Man kommt zwar schnell ins Spiel, Tiefgang gibts aber nicht. Nächster bitte...
Nachdem die finnische Spiele-Schmiede Nitro Games in der Vergangenheit mit Titeln wie East India Company oder auch Raven's Cry versucht hat, uns von ihren Qualitäten als Entwickler zu überzeugen, steht nun ihr neuestes Werk in den Händlerregalen. Erneut verschlägt es den geneigten Spieler in das Echtzeit-Strategie Genre, welches sich bei PC-Spielern großer Beliebtheit erfreut. Den eher mäßigen Bewertungen der Vorgänger trotzend, versuchen die Macher uns mit Commander: Conquest of the Americas dahingehend eines Besseren zu belehren, dass sie ihre Hausaufgaben gemacht und sich gesteigert haben. Doch ob ihnen das wirklich geglückt ist?
Das Ei des Kolumbus
Commander: Conquest of the Americas
Nach der Entdeckung Amerikas versuchten viele europäische Großmächte das neu erschlossene Land für sich zu beanspruchen. Jeder wollte das möglichst größte Stück des Kuchens auf seinen Teller schaufeln, was in unzähligen Schlachten zu Lande und zu Wasser ausartete. Doch leider darf die interessierte Spielerschar diese Schlachten nur zu Wasser austragen, da es die Entwickler nicht ganz so genau mit den geschichtlichen Hintergründen genommen haben. Viele wird es natürlich sehr freuen, dass man sich auch ohne Geschichtsstudium im Spiel zu Recht findet. Aber leider hat dieser Umstand auch seine Schattenseiten, denn die Möglichkeiten welche einem im Spiel geboten werden sind eher beschränkt. Zwar sind die Seeschlachten sehr ansehnlich in Szene gesetzt, doch fehlt es dem Titel an Tiefgang und Balancing.
Drängen der Anderen
Commander: Conquest of the Americas
Nachdem man sich für eine der sechs zur Verfügung stehenden Fraktionen entschieden hat, eine Entscheidung die kaum Einfluss auf den Spielverlauf mit sich führt, steht man schon vor den ersten Problemen. Zwar zeigt sich der Einstieg ins Spielgeschehen recht leicht, aber leider auch sehr frustrierend. Ständig steht man vor dem Problem der Geldknappheit, welchem man Hauptsächlich nur durch den Handel mit diversen Gütern entgegenwirken kann. Klingt einfach in der Theorie, doch in der Praxis gestaltet sich das ganze sehr mühselig, zumindest am Anfang. Im Kampagnen-Spiel werden ständig neue Forderungen gestellt, denen man nachkommen sollte, ansonsten steht man vor dem spielerischen Aus. Kaum hat man das Bauprojekt abgeschlossen, fordern die Berater eine neue Investition, die mit sehr hohen laufenden Kosten zu Buche schlägt und das möchte natürlich finanziert werden. Leider sind die Mittel zur Geldgewinnung - wie erwähnt - sehr gering, da das Thema Forschung und Erfindungen seitens der Entwickler völlig unangetastet geblieben ist.

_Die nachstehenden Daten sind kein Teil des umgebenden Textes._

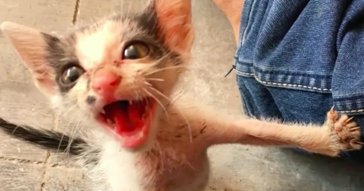 “Hey there, little one. We’re here to help you.” The kitten gave a slow blink, acknowledging their presence, but she was too drained to react. Without hesitation, Anna gently picked up the frail kitten, feeling her tiny body shiver in response to the warmth of human touch. The group hurried to a nearby café, offering the kitten a few scraps of food.
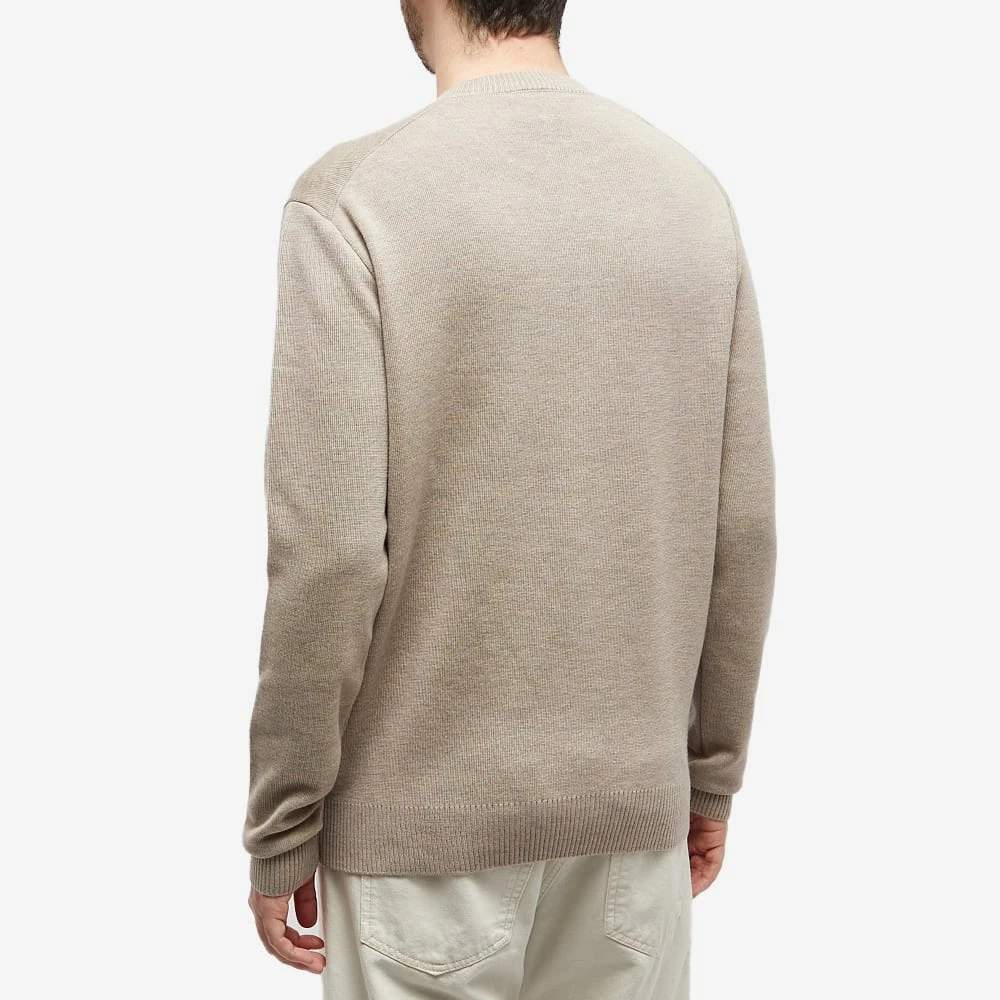 You’ll find the ‘A’ – from AMI founder Alexandre Mattiussi’s initial – crowned with a heart at the chest of this beige crew knit from the Parisian label. Crafted from pure merino wool, its cut to a classic slim fit and features snug ribbed trims.
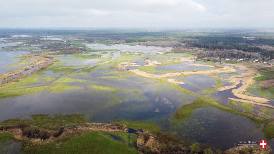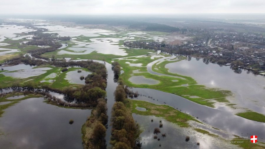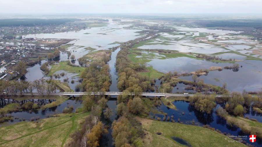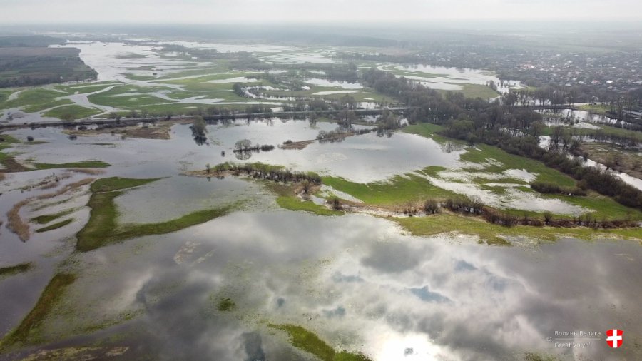 На фотографіях видно, як повноводна річка Стир вийшла зі своїх берегів.
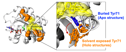 In a cooperative project with Mirati Therapeutics, Target X predicts the known cryptic pockets in K-Ras oncoprotein (yellow -inhibitor, orange - pocket residues
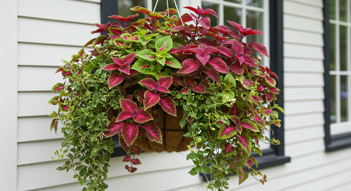 If you’re looking for foliage with color, coleus, like the one in this arrangement by West Coast Gardens, steals the show in summer container arrangements. From vivid fuchsia and electric lime greens to inky purples and deep bronze shades, there’s a coleus hybrid out there for whatever you seek. Coleus are frost-tender; plant them as annuals or bring them into greenhouses or onto windowsills over winter.
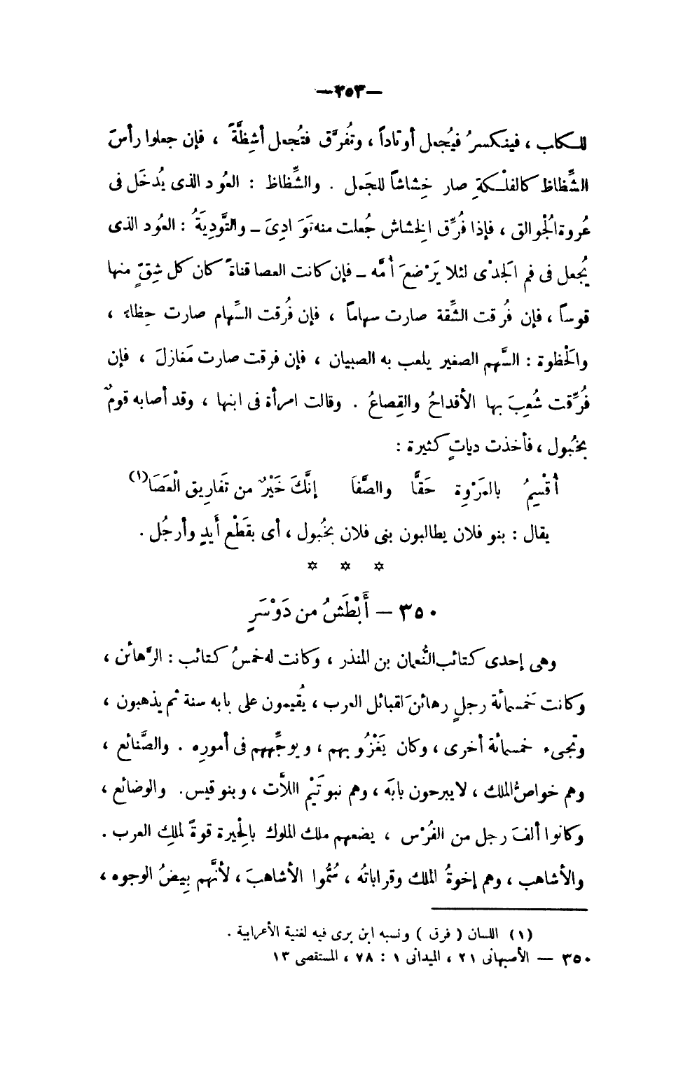 والشظاظ الْعود الَّذِي يدْخل فِي عُرْوَة الجوالق فَإِذا فرق الخشاش جعلت مِنْهُ توادي والتودية الْعود الَّذِي يَجْعَل فِي فَم الجدي لِئَلَّا يرضع أمه فَإِن كَانَت الْعَصَا قناةً كَانَ كل شقّ مِنْهَا قوساً فَإِن فرقت الشقة صَارَت سهاماً فَإِن فرقت السِّهَام صَارَت حظاءً والحظوة السهْم الصَّغِير يلْعَب بِهِ الصّبيان فَإِن فرقت صَارَت مغازل فَإِن فرقت شعب بهَا الأقداح والقصاع
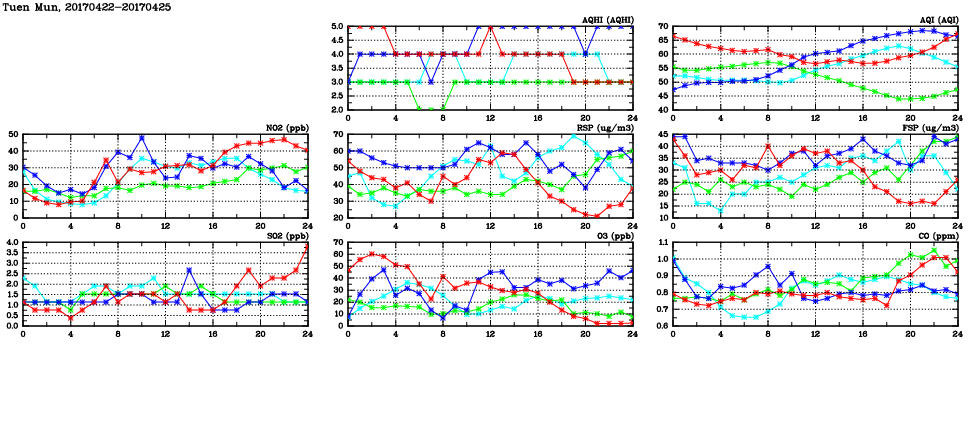 | Air Quality Data Time Series in Tuen Mun (2017/04/25) | ( Line colors: Day -3 Day -2 Day -1 Current day ) | 2D Map Current AQHI |
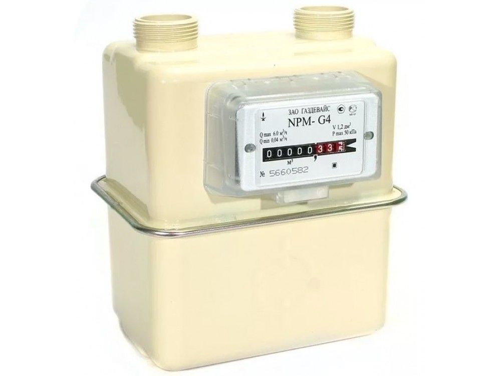 - По заказу покупателей может комплектоваться переходниками, фильтрами. Производитель: Газдевайс Номинальный расход, Qном 4 Межосевое растояние, мм 110 Межповерочный интервал, лет 10 Габаритные размеры, мм 188*163*112 Масса, кг 1,6 Средний срок службы, лет 20 Гарантийный срок, месяцев 24 Номинальный расход 4 Максимальный расход 6 Минимальный расход 0,04 Порог чувствительности счетчика, м3/ч 0,008 Максимальное избыточное давление, кПа 50 Максимальное избыточное рабочее давление, кПа 5 Допускаемая потеря да
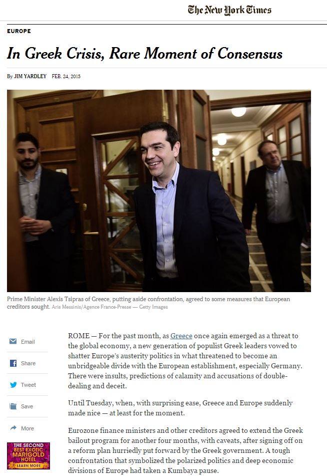 Σε ανταπόκριση από τις Βρυξέλλες στη New York Times επισημαίνεται ότι «οι υπουργοί Οικονομικών της Ευρωζώνης ενέκριναν τις ελληνικές προτάσεις που αποσκοπούν στην άμβλυνση των δυσμενών επιπτώσεων που δημιουργήθηκαν από το πρόγραμμα διάσωσης, επεκτείνοντας το εν λόγω πρόγραμμα κατά τέσσερις μήνες».
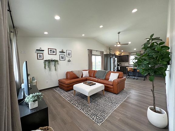 READY TO PLAN FOR YOUR FUTURE? Whether you're a first-time homebuyer or ready to downsize to one-level living, this stylish 3-Bedroom, 2-Bath home built in 2021 is the perfect fit! The open layout features modern finishes that will appeal to everyone, including a bright Kitchen, spacious Living Area, Vaulted Ceiling, and a comfortable Primary Suite with a Walk-in Closet and Private Bath. All Appliances stay—including Washer and Dryer—making this truly move-in ready. Outside, enjoy the large Fenced yard, NO back-yard neighbors, extra concrete for parking, a handy Storage Shed, Patio Area, and a two-stall attached Garage. With nearly 1,200 sq. ft. on one level and an affordable price of $279,900 this one is too good to pass up! START YOUR NEXT CHAPTER HERE!
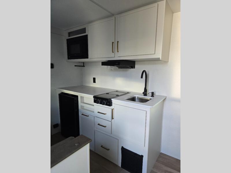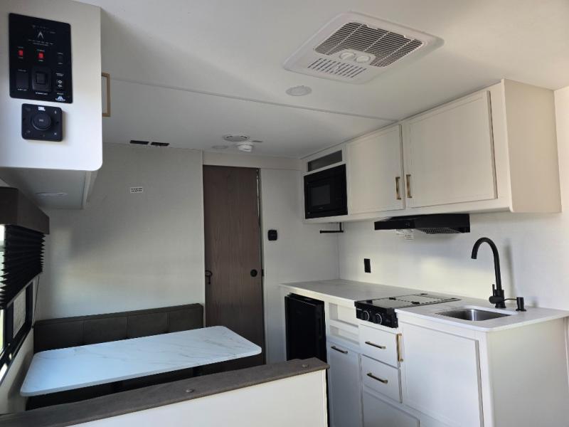 With any Transcend One travel trailer by Grand Design, you will enjoy lightweight towing thanks to their single-axle. There are many interior comforts to make camping easier than ever, such as recessed lighting, residential countertops, and a 6' 6" interior height. Each model is constructed with a heated and enclosed underbelly with suspended tanks, a moisture barrier floor enclosure, and Thermofoil over the roof and front cap for added protection. And a JBL sound system will let you listen to tunes as you visit under the power awning with a Fusion light!
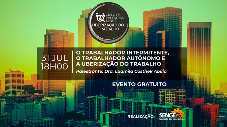 O Ciclo de Palestras SENGE prossegue com a participação da doutora em Ciências Sociais, Ludmila Abílio, que no dia 31 de julho, às 18h, irá palestrar sobre “o trabalhador intermitente, o trabalho autônomo e a uberização do trabalho”.
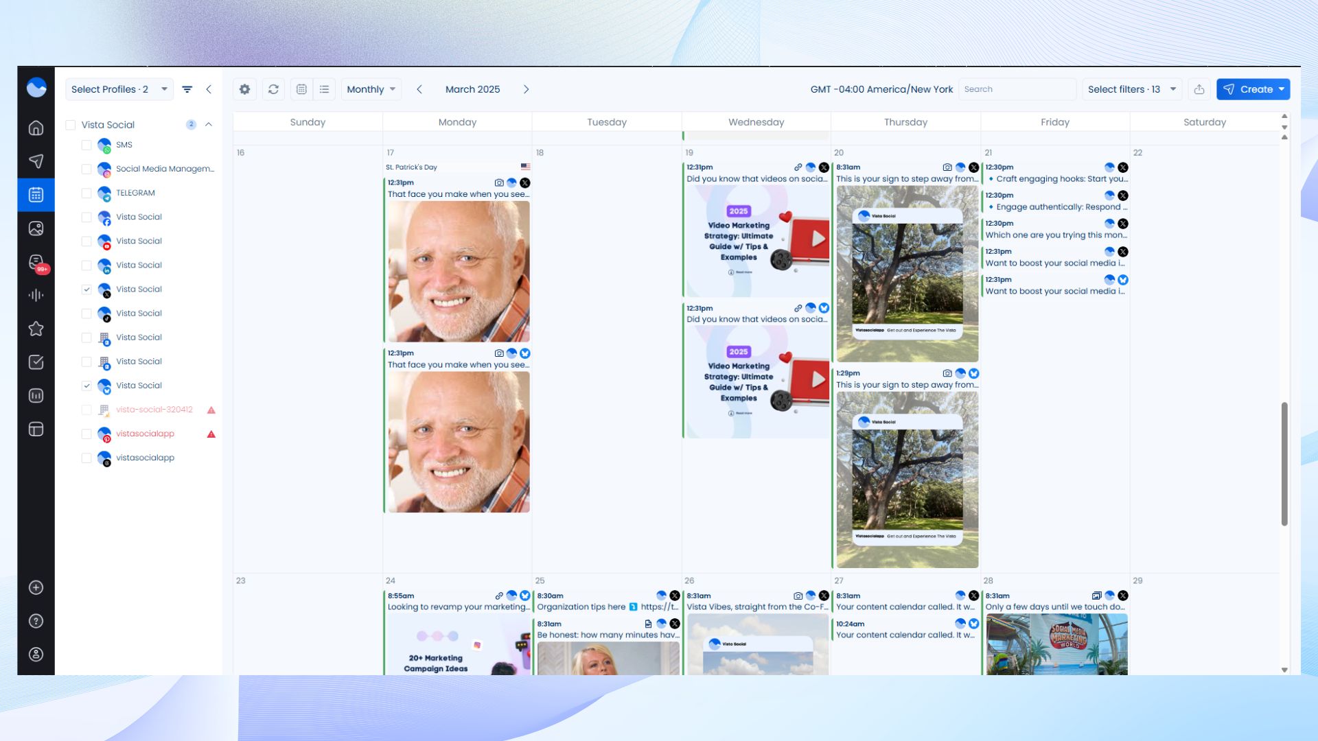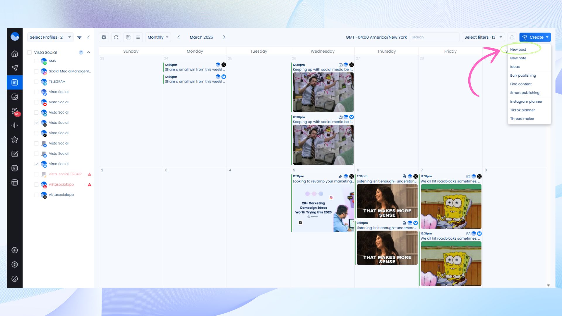 With Custom Profiles, Vista Social’s calendar becomes a true marketing command center. Everything is in one place, making multi-channel coordination easier than ever.
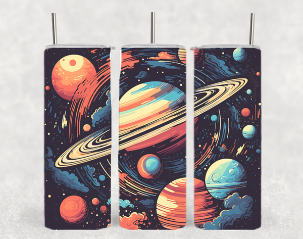 Planet Solar System Space Themed Colorful Green Glow Tumbler
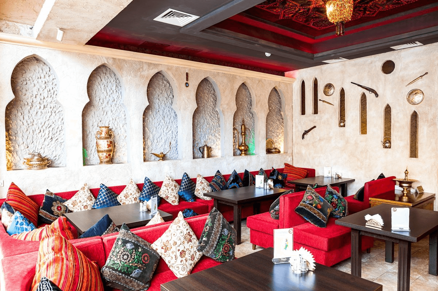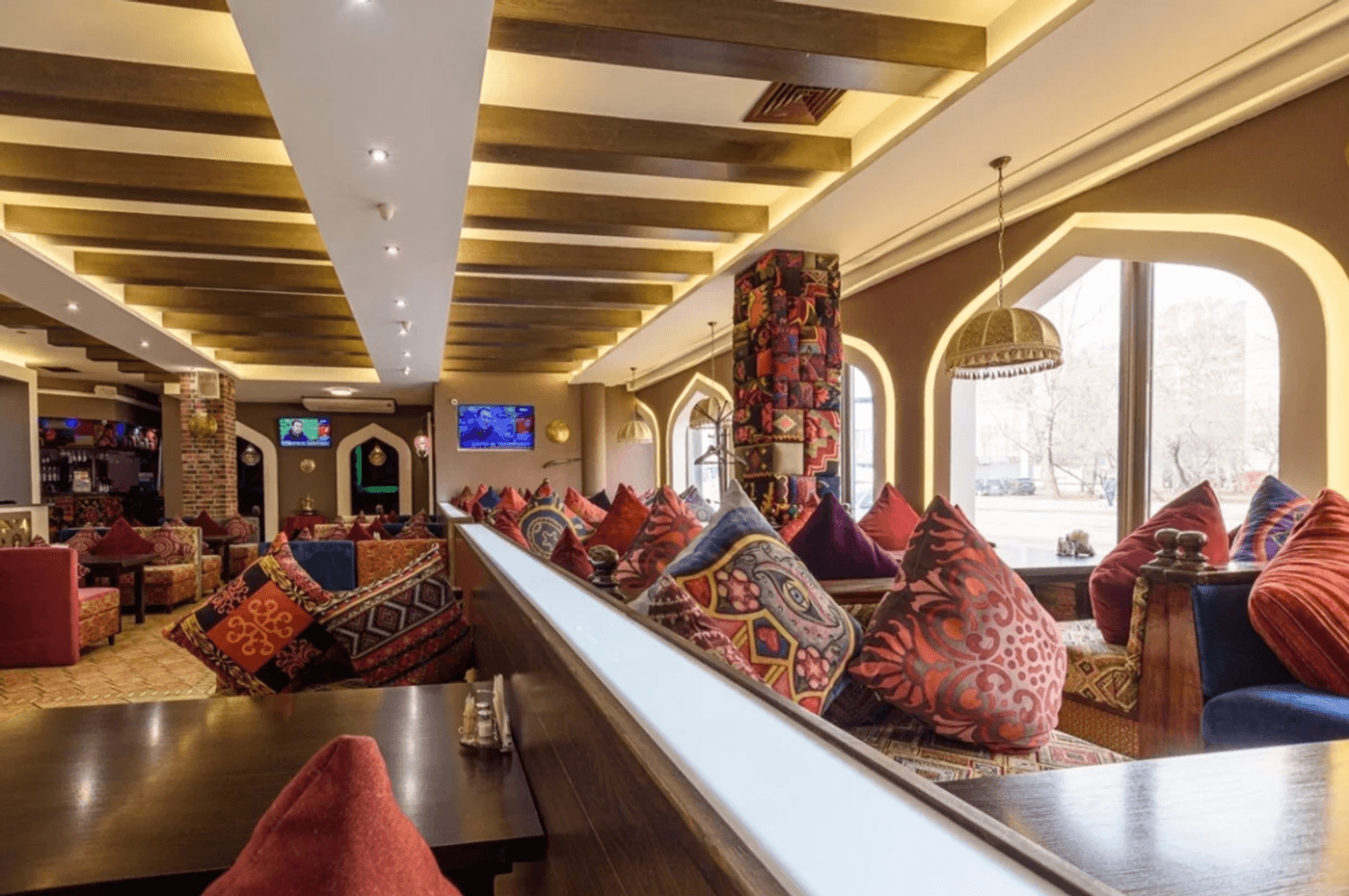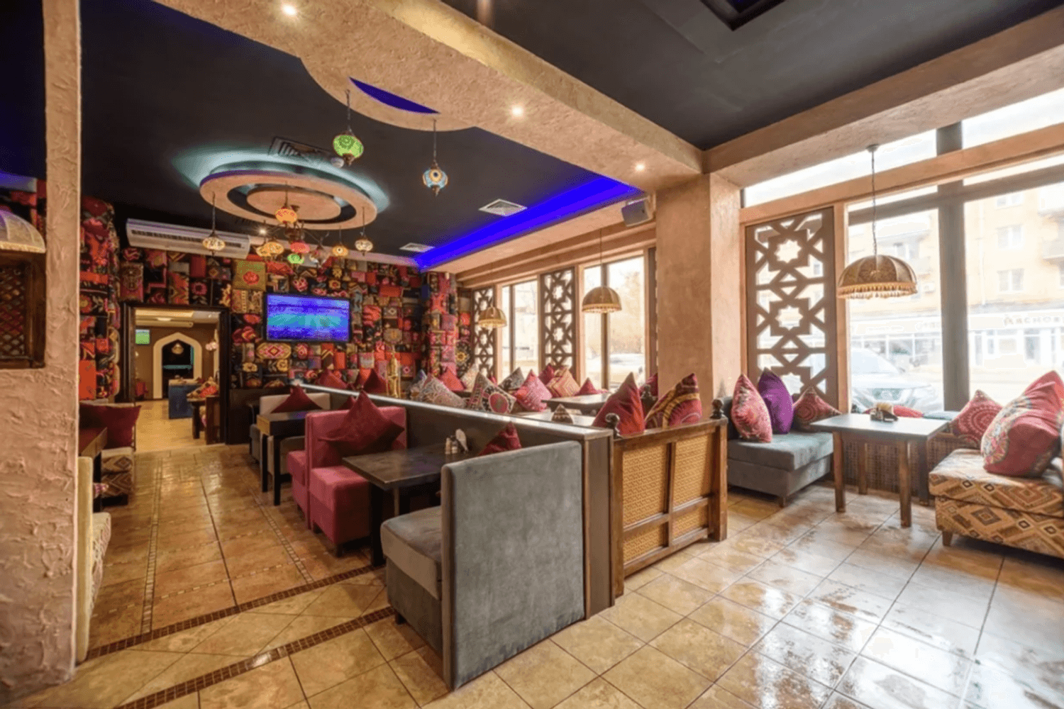 Атмосфера. Интерьер выполнен в арабском стиле: яркие декоративные элементы, живые растения, подсветка и уютные зоны для гостей. Есть вип-комната для приватных встреч и пространство для шоу-программ с танцами живота.
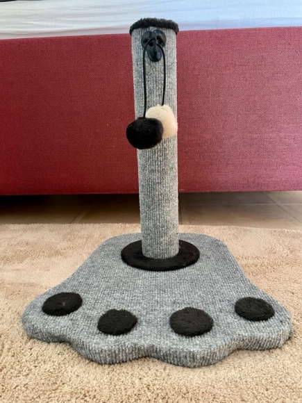 Biete einen nagelneuen unbenutzten kratzbaum an, mit Plüsch Bällen, in der Farbe grau..
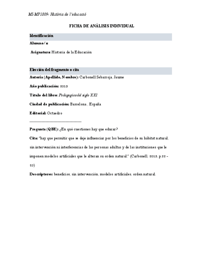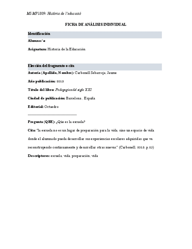 He publicado nuevos apuntes de 1º Historia de la Educación (Historia): 4.-Fitxa-analisi-individual-fragments-CARBONELL.docx-1.pdf

Commander: Conquest of the Americas
Neben dem Versuch möglichst schnell an sehr viel Geld zu kommen, darf natürlich auch das Bilden von Kolonien auf den neuen Landstrichen nicht fehlen. Dieser Punkt gestaltet sich aber sehr einfach im Spiel, da es sehr viele ausreisewillige Siedler gibt, die nur darauf warten von euch in die neue Welt geschippert zu werden. Das ist auch gut so, denn selbst wenn ein neues Gebiet erschlossen wurde und die Zufriedenheit der Einwohner einen sehr guten Wert aufweist, steht man vor dem Problem dass es keine Fortpflanzung gibt. Man muss ständig dafür sorgen dass man genügend Auswanderwillige zur Verfügung hat. Aber auch hier gilt wieder, ohne Moos nix los. Zwar ist die Einwohnerzahl sehr wichtig, doch die alleine reicht nicht aus. Es müssen Häuser gebaut werden, Produktionsstätten erschaffen werden und auch das Militär sollte man nicht vernachlässigen. Somit steht man - schon wieder - vor dem Problem der Geldknappheit; Es sei denn man durchschaut das am Endo doch eher einfach gestrickte Handelssystem! Mit der richtigen Taktik kann man sehr viel Geld anhäufen und das Spiel deutlich einfacher gestalten; Aber dadurch wird es auch erst recht sehr langweilig, denn die Vorgaben der Kampagne lassen sich mit dem so vorhandenen nötigen Kleingeld ohne Probleme erfüllen, und stellen absolut keine Herausforderung mehr dar.